** THE DATA follows **
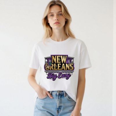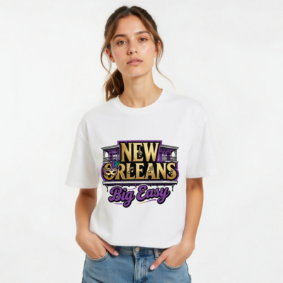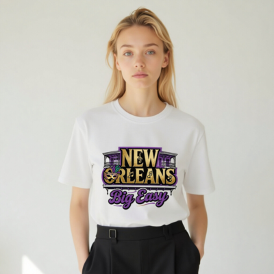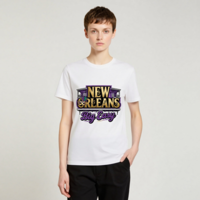 Celebrate the spirit of New Orleans with this unisex organic cotton t-shirt featuring a vibrant ‘New Orleans Big Easy’ design—featuring iconic French Quarter architecture, Mardi Gras mask, and musical notes in purple, gold, and black. Soft, breathable, and eco-conscious. Perfect for locals and visitors alike.
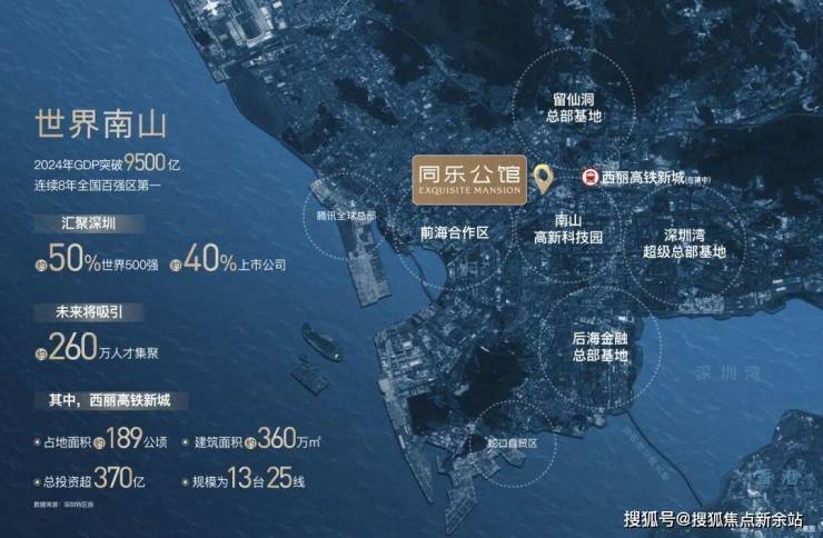 同乐公馆,位于深圳南山区南头街道同乐社区中山园路229号,地处南山区与宝安区交界处,毗邻中山园路与南坪快速交汇处北侧。项目占据"南山科创芯"核心位置,是深圳湾-科技园-西丽科创中轴的关键节点,直线距离仅3公里范围内覆盖科技园、前海自贸区及留仙洞总部基地三大产业核心区。西丽高铁新城(在建中,预计2028年投入使用)的规划进一步提升了区位价值,该枢纽将形成"4高铁+2城际+4地铁"的超级换乘网络,规模超过深圳北站,成为全国最大的轨道交通换乘站之一。
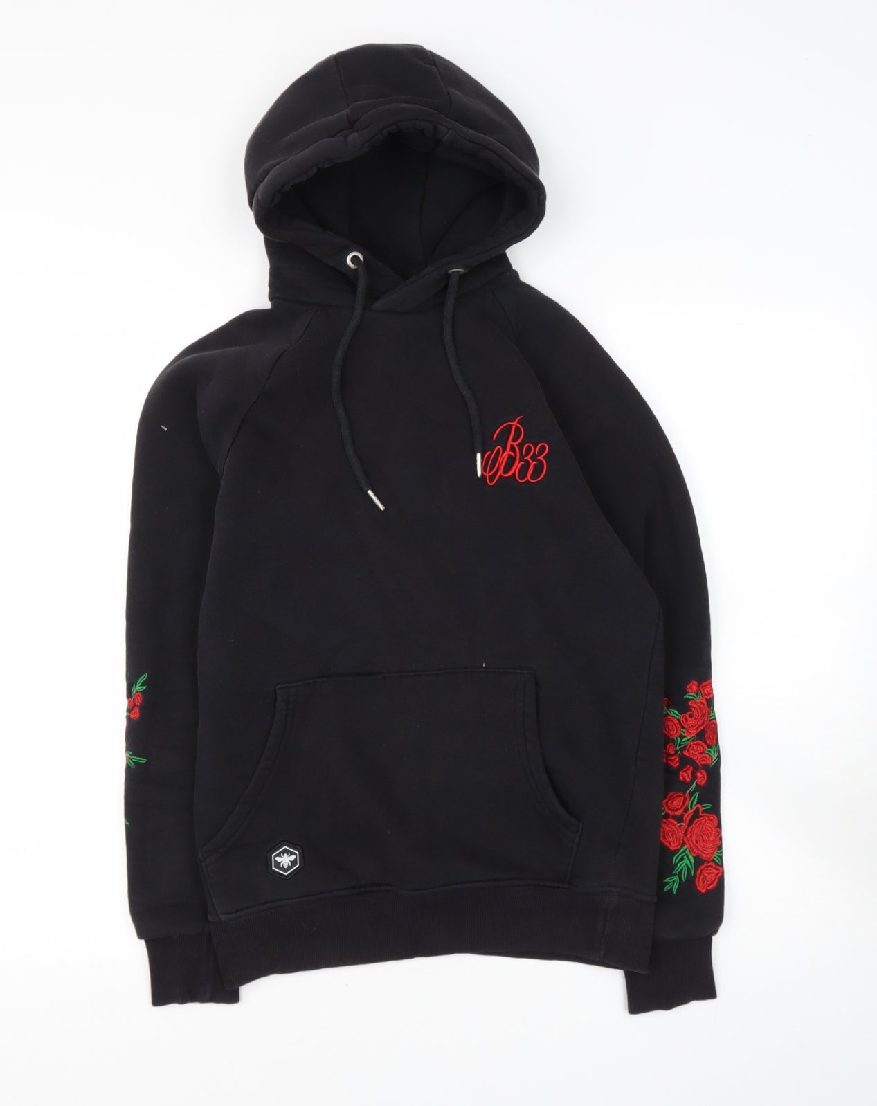 Womens Black Polyester Pullover Hoodie Size XS
** End of THE DATA **
TASK: Only the lines from the one containing "同乐公馆,位于深圳南山区南头" through the end of the listing should be output, word for word and inclusive; keep pictures out.

TASK RESULT:
 同乐公馆,位于深圳南山区南头街道同乐社区中山园路229号,地处南山区与宝安区交界处,毗邻中山园路与南坪快速交汇处北侧。项目占据"南山科创芯"核心位置,是深圳湾-科技园-西丽科创中轴的关键节点,直线距离仅3公里范围内覆盖科技园、前海自贸区及留仙洞总部基地三大产业核心区。西丽高铁新城(在建中,预计2028年投入使用)的规划进一步提升了区位价值,该枢纽将形成"4高铁+2城际+4地铁"的超级换乘网络,规模超过深圳北站,成为全国最大的轨道交通换乘站之一。
 Womens Black Polyester Pullover Hoodie Size XS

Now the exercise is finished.